Stating that technology will play a defining role in their bilateral partnership, India and the US have committed themselves to cooperation in areas ranging from responsible artificial intelligence (AI) and quantum computing to the entire value chain of the space economy.
The governments of the two countries will work to adopt policies and regulations that facilitate greater technology sharing, co-development, and co-production opportunities between US and Indian industry, government, and academic institutions.
According to the joint statement by the two countries, subjects like secure and trustworthy cyberspace, high-tech value chains, generative AI, and 5G and 6G telecom networks assumed strategic importance during the meeting between Prime Minister Narendra Modi and US President Joe Biden. The leaders have also agreed to undertake regular efforts to address export controls and explore ways of enhancing high-technology commerce.

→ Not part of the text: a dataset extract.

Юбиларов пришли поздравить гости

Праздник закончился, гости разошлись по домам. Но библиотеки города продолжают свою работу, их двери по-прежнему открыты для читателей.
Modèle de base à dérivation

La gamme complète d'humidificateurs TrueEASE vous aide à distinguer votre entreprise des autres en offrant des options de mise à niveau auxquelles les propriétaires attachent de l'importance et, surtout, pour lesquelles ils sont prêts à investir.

India and the US recently signed a memorandum of understanding (MoU) on the semiconductor supply chain and innovation partnership as a significant step in the coordination of the two countries’ semiconductor incentive programmes.
The leaders also welcomed the proposal from semiconductor manufacturing firm Lam Research to train 60,000 Indian engineers through its Semiverse Solution virtual fabrication platform. American semiconductor firms Micron Technology and Applied Materials on announced investments in India.

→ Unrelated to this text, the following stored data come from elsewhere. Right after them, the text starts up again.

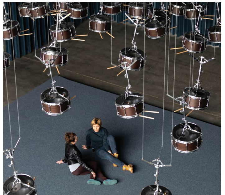
Anri Sala, The Last Resort , installation view, Garage Museum of Contemporary Art, Moscow, 2018
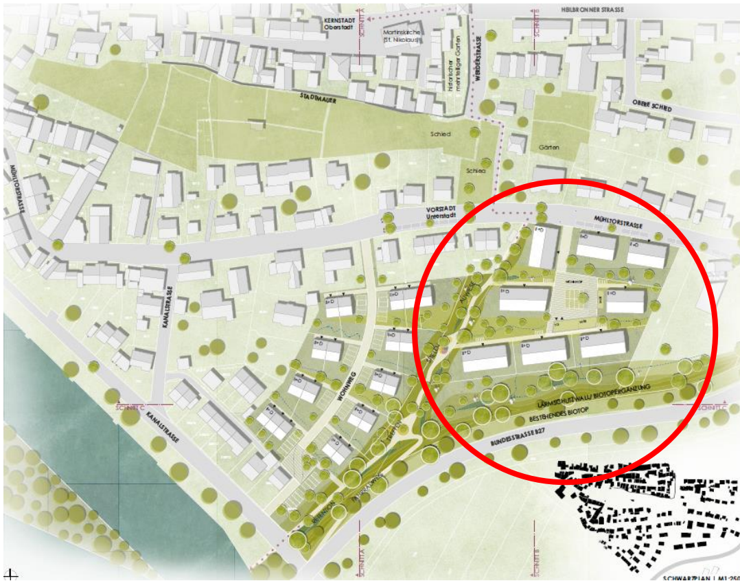
Wettbewerb Zoll Architekten Stadtplaner, 2021
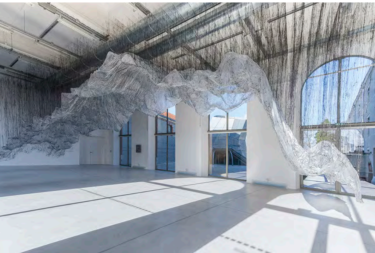
2015: RELIEF(S) / Les Turbulences (Frac Centre, オルレアン, フランス)
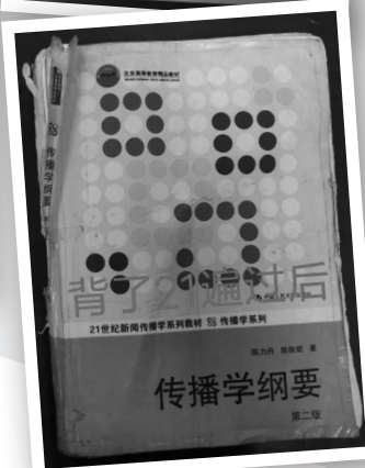
背了21遍的书已很破烂。
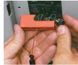
2. Coloque el dispositivo de bloque en el interruptor y póngalo en posición de bloqueo.
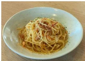
SUKUSUKU 風 ペペロンチーノ - ベーコンと玉ねぎの旨み - <小麦・乳・卵>

Ashwini Vaishnaw, Union minister of communications, electronics and information technology, said Micron’s Assembly, testing, marking, and packaging (ATMP) — the first private semiconductor plant in the country — would start rolling out memory chips by December next month.

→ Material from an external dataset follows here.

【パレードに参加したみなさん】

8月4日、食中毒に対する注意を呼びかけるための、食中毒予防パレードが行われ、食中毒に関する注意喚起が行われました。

“Land allocation is done. It will be a massive factory, likely to spread across 30-40 acres. Its design has also been completed. The required regulatory agreements and compliances have been done. Its turnover at full capacity will be close to a billion dollars,” the minister told reporters.
The facility is expected to support around 5,000 direct jobs and 15,000 indirect ones as well as 200 smaller supplier units nearby.
The countries will sustain and grow quantum training and exchange programmes and work to reduce barriers to US-India research collaboration. Under a new arrangement between the US National Science Foundation (NSF) and India’s Department of Science and Technology (DST), both sides will fund joint research projects in computer and information science and engineering, cyber-physical systems, and secure and trustworthy cyberspace.
Furthermore, the NSF and India’s Ministry of Electronics and Information Technology will bring fresh funding for joint projects in applied research areas such as semiconductors, next-generation communication, cyber security, sustainability and green technologies and intelligent transportation systems.
The leaders also deliberated on the opportunities and significant risks associated with AI. They have committed themselves to developing joint and international collaboration on trustworthy and responsible AI, including generative AI, to advance AI education and workforce initiatives, promote commercial opportunities, and mitigate discrimination and bias.
Industry body Nasscom has welcomed the new tech partnership between India and the US.
“Mutually beneficial policy formulation and intervention, and adapting regulations that encourage technology sharing, co-development, and co-production opportunities among industry, government, and academic institutions (are a must) must for the foundation of this collaboration across defence, clean energy, telecommunications, emerging technologies like AI, quantum technologies, cybersecurity, sustainability, biotechnology, space technologies, and semiconductors,” Nasscom said in a statement.
On telecom equipment, the top leaders emphasised the need to put in place a “Trusted Network/Trusted Sources” bilateral framework. Two Joint Task Forces have been launched on advanced telecommunications, focused on Open RAN and research and development in 5G/6G technologies.
“We are partnering on Open RAN field trials and rollouts, including scaled deployments, in both countries with operators and vendors of both markets, backed by US International Development Finance Corporation (DFC) financing,” said the joint statement. This will be executed with public-private cooperation between vendors and operators and will be led by India’s Bharat 6G Alliance and the US Next G Alliance.
Biden and Modi set a course to reach new frontiers across all sectors of space cooperation. India has agreed to join the Artemis Accords (Accords), a National Aeronautics and Space Administration-led initiative for peaceful, sustainable and transparent cooperation in space.
The countries may encourage commercial collaboration in private-sector space tech enterprises in the entire value chain of the space economy to address export controls and facilitate technology transfer.